The DASH Diet (Dietary Approach to Stop Hypertension) was developed with the intent to help lower blood pressure without medication by the US National Institutes of Health. It is a plan that focuses on eating a balanced diet for good heart health. It is not a special eating plan, instead, it focuses on the simple whole foods.
DASH stands for Dietary Approach to Stop Hypertension. DASH diet has been clinically proven to reduce blood pressure within 2 weeks in individuals following the diet. It is not only known to help manage the blood pressure but is also designed for weight loss programs, helps to prevent heart diseases, stroke, diabetes and some forms of cancer.
Who should follow a DASH eating plan?
In fact, a DASH eating plan can be a part of any healthy eating plan. Not only, will it help lower blood pressure but it will offer additional heart health benefits including lowering LDL cholesterol and inflammation.
How does the DASH eating plan work?
The diet consists of foods that are low in sodium and consists of a variety of foods that are rich in nutrients like potassium, calcium and magnesium are known to help lower blood pressure. The diet is rich in fibre that again helps to lower blood pressure and knock off the extra pounds which will in-turn assist in lowering blood pressure.
What should you eat on a DASH eating plan?
- Grains like whole wheat, brown rice, barley, oats, quinoa are packed with nutrients like proteins, B vitamins and trace minerals, fiber and antioxidants which has been shown to reduce the risk of several diseases. However, processed grains lack most nutrients and should be avoided.
- Include fat-free or low-fat milk, yogurt, Greek yogurt, paneer in your diet instead of full-fat options. For those who are lactose intolerant, lactose-free milk and milk products are an option.
- Nuts like almonds, walnuts, pistachios, etc, beans, and seeds like the sunflower seeds, melon seeds, etc are a part of a healthy eating DASH diet. They are rich in dietary fiber protein, omega 3 fatty acids, vitamins and minerals like zinc and magnesium, etc. Although nuts contain the healthy fats, it would be wise to eat them in restricted amounts as they are high in calories. Also, avoid salted or honey roasted nuts for their high sodium and sugar content.
- Lean meat, egg, poultry and fish in moderation rather than meats with high saturated fat content. Processed meats such as bacon, ham, sausages, salami, etc contain a significant amount of sodium, hence restrict the intake. Occasional intake of red meat is permitted.
- Fruits and vegetables are naturally rich in potassium which plays an important role in lowering blood pressure. If you are one who is not fond of fruits and vegetables make the change gradually. Add an extra fruit or vegetable in the day in addition to what you are currently having a start. Prefer a whole fruit to juices. Unsweetened dried fruits like raisins, cranberries, dried figs, etc. are good travel choices. Make sure there is a vegetable at each meal.
- The diet should be low in saturated fats and total fats.

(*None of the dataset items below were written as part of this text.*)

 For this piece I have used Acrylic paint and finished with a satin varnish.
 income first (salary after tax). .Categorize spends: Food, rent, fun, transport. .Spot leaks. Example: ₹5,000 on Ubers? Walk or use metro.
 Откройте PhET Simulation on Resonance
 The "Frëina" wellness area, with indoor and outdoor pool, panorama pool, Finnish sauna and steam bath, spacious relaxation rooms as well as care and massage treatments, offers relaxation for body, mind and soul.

A diet high in saturated fats increases the risk of heart disease and hypertension. Fats are important for the absorption of fat-soluble vitamins and help in building the body’s immune system. Use of oils like olive oil, rice bran oil, mustard oil should be promoted in each meal and trans fats which are commonly found in processed and fried food should be avoided.

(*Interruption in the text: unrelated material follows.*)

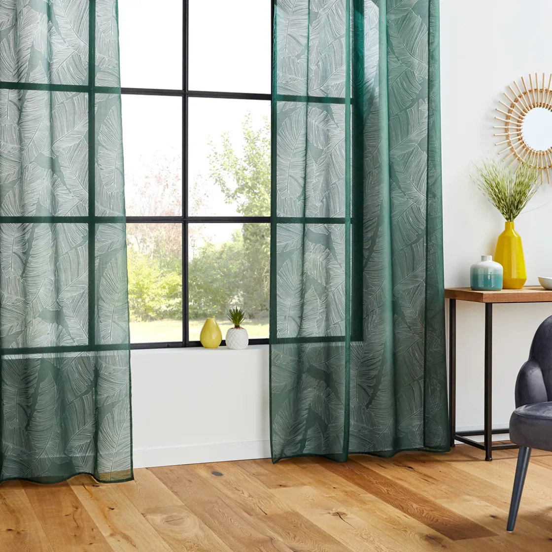 Le voilage « Devo » se caractérise par ses grands motifs en forme de feuilles qui décoreront à merveille une pièce à vivre. En plus de laisser passer la lumière, il vous protègera des regards extérieurs. Les oeillets en métal sont très pratiques pour l’installer rapidement sur une tringle à rideaux.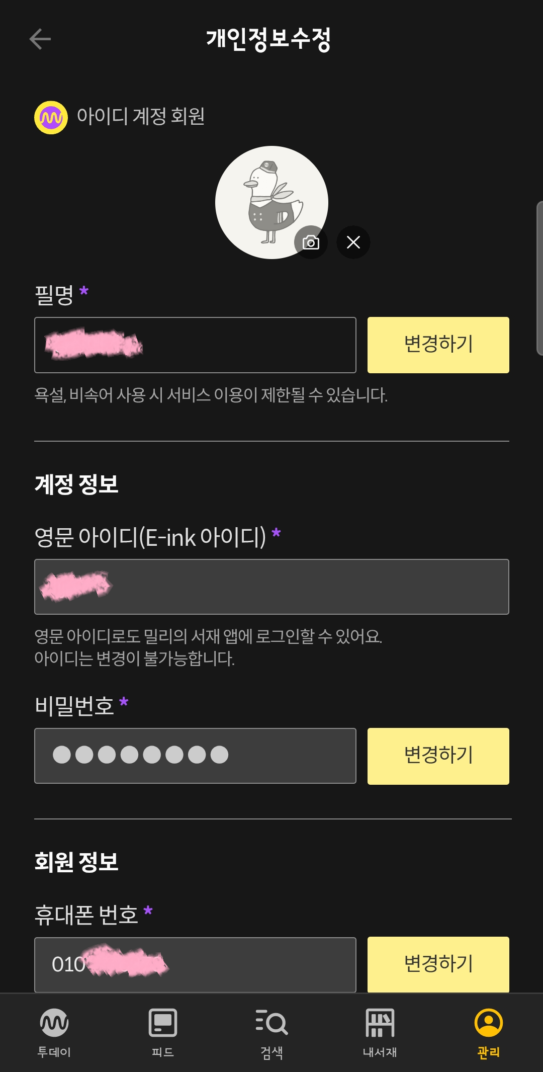 4단계. 밀리의 서재 E-ink 뷰어 계정 등록

To make this diet work even better here are some additional tips:-
- Reducing alcohol intake may help reduce blood pressure. Hence, keep the alcohol intake under check.
Aerobic exercise along with DASH diet works faster in lowering blood pressure.
- Read food labels to choose products that are lower in sodium.
- Stress can raise blood pressure even if the diet is healthy. Hence, stress management techniques like meditation, yoga, etc will help keep the blood pressure under check.
- Poor sleep increases blood pressure. So, 7-8 hours of sound sleep will help in keeping the blood pressure in control.
- If you are someone who smokes, then quitting it would help lower blood pressure.
- Take your medication as prescribed.
- Limit the salt intake to 1 teaspoon a day.
Making a lifestyle change is an effort. It is a long-term commitment which one has to make for good health. Making smaller changes will bring in faster results than making dramatic changes all at once and losing the commitment along the way. Before getting on to the DASH diet consult a nutritionist who can help you in chalking out an individual program for yourself. A nutritionist can help you not only with the DASH diet but also weight loss.